3.3. Selection of Variables

As regards the inputs in the process of technological development, as the latter transforms innovation resources into intellectual sci-tech achievements, the core elements of technological development consist of R&D researchers and R&D capital. This paper selects the full-time equivalents of the high-tech industries’ R&D researchers as the input variables and the internal expenditure of the high-tech industries’ R&D expense as the input variable of R&D capital. Owing to the influence of the input of R&D expense in each stage on the output of technological innovation, this paper transforms the internal expenditure of R&D expense into internal expenditure stock to measure the R&D input. The specific calculation is $K_t={\theta }_{(t-1)}+(1-\delta )K_{(t-1)}$, where $K_t$ is the internal expenditure of R&D expense of a certain province’s high-tech industries in year $t$, $\delta$ is the depreciation rate of R&D capital, and ${\theta }_{t-1}$ is the discounted R&D input of the high-tech industries in year $t-1$. Suppose that the growth rate of the high-tech industries’ R&D expense is equal to that of the R&D expense input. The initial value of the R&D expense input can be set as $K_0={\theta }_0/(g+\delta )$, where $\mathrm{g}$ is the annual growth rate of the R&D expense input. Like most scholars, we considered the depreciation rate of R&D capital to be $\delta =15\%$.

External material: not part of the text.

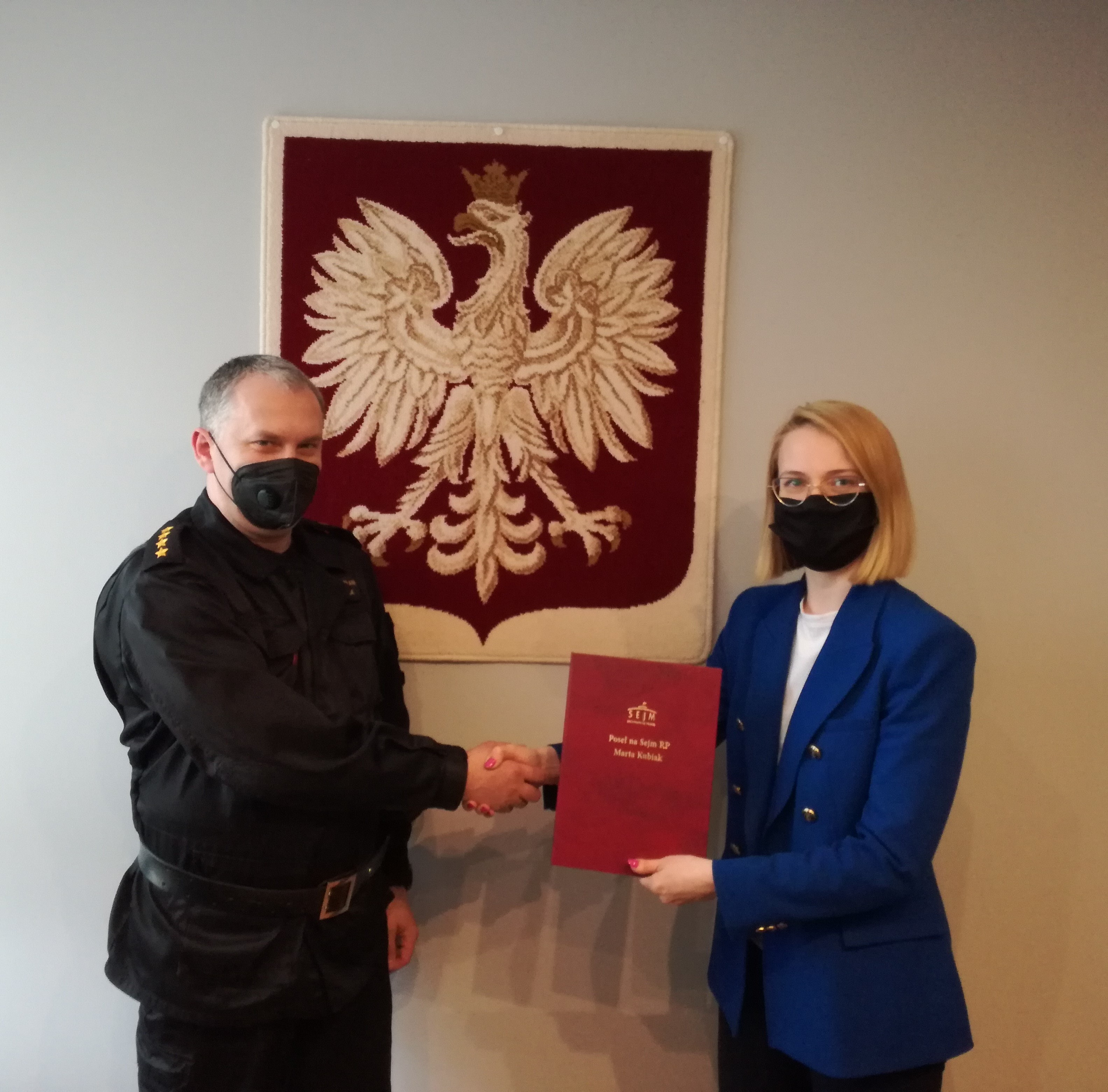 26 maja 2021r. złotowską komendę powiatową PSP w ramach roboczej wizyty odwiedziła Pani Marta Kubiak Poseł na Sejm RP. W trakcie spotkania komendant powiatowy mł. bryg. Jarosław Kołak przedstawił m.in. zakres realizowanych zadań inwestycyjnych i ich stopień zaawansowania w odniesieniu do prowadzonych prac na rozbudowywanym obecnie budynku administracyjnym złotowskiej komendy. Jednocześnie Pani Poseł na ręce komendanta powiatowego z okazji majowych obchodów Dnia Strażaka złożyła podziękowania za realizowane działania na rzecz utrzymania wymaganego poziomu bezpieczeństwa na terenie powiatu złotowskiego. Podziękowania zostały również przekazane dla wszystkich złotowskich strażakówa w szczególności także tych, którzy w minionym okresie zostali awansowani i wyróżnieni w związku z realizacją obowiązków służbowych.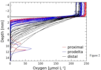 數據:氧氣濃度隨沉積物深度快速下降,近端、前三角洲和遠端區域的平均氧氣滲透深度(OPD)分別為1.7±0.4 mm、3.3±1.3 mm和8.2±2.6 mm。部分剖面顯示生物擾動引起的氧氣峰值。

As regards the outputs in the process of technological development and the inputs in the process of technological conversion, the former are mainly intellectual sci-tech achievements, including patent technology and non-patent technology. A patent, which involves the legal protection of sci-tech knowledge, is a formally recognized innovative product. As a commercial secret of enterprises, non-patent technology is not protected in legal form and is mainly used for improving the production process and competitiveness. The inputs of this process are the outputs of technological development. Sci-tech achievements can be obtained in technological innovation activities and through transactions in the technology market, while a commercial secret is not available through those methods. Therefore, this paper selects the turnover in patents and the technology market as the outputs of technological development and the inputs of technological conversion.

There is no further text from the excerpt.